╭──

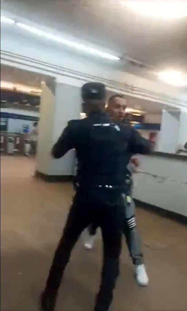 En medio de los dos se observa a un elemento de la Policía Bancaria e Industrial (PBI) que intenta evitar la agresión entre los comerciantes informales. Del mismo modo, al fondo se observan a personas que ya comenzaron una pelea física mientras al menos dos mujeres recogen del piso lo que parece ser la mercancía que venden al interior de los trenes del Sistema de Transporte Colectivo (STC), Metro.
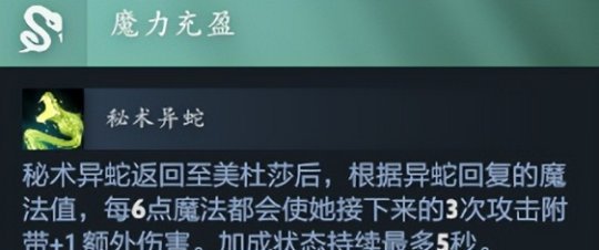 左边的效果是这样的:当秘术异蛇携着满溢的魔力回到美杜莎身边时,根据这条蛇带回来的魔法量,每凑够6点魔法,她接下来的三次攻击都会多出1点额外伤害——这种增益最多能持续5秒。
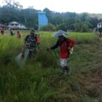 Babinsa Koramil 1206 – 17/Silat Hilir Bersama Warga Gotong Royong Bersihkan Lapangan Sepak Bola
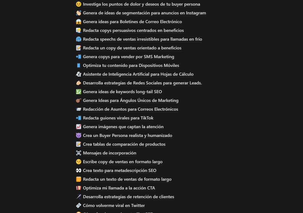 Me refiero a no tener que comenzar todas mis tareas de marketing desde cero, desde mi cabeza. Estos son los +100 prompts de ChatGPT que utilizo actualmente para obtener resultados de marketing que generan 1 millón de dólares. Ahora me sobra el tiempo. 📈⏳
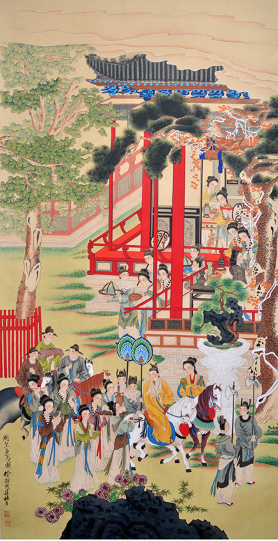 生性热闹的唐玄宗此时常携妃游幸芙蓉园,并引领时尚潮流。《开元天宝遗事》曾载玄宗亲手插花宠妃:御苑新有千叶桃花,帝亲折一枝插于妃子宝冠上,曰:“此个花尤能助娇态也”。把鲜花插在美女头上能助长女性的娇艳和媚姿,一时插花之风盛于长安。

╰──

## TASK STATEMENT:
Beginning at the line with "Me refiero a", reproduce each line exactly through the last line of the records above, with pictures left out.

## RESPONSE TO THIS EXERCISE:
 Me refiero a no tener que comenzar todas mis tareas de marketing desde cero, desde mi cabeza. Estos son los +100 prompts de ChatGPT que utilizo actualmente para obtener resultados de marketing que generan 1 millón de dólares. Ahora me sobra el tiempo. 📈⏳
 生性热闹的唐玄宗此时常携妃游幸芙蓉园,并引领时尚潮流。《开元天宝遗事》曾载玄宗亲手插花宠妃:御苑新有千叶桃花,帝亲折一枝插于妃子宝冠上,曰:“此个花尤能助娇态也”。把鲜花插在美女头上能助长女性的娇艳和媚姿,一时插花之风盛于长安。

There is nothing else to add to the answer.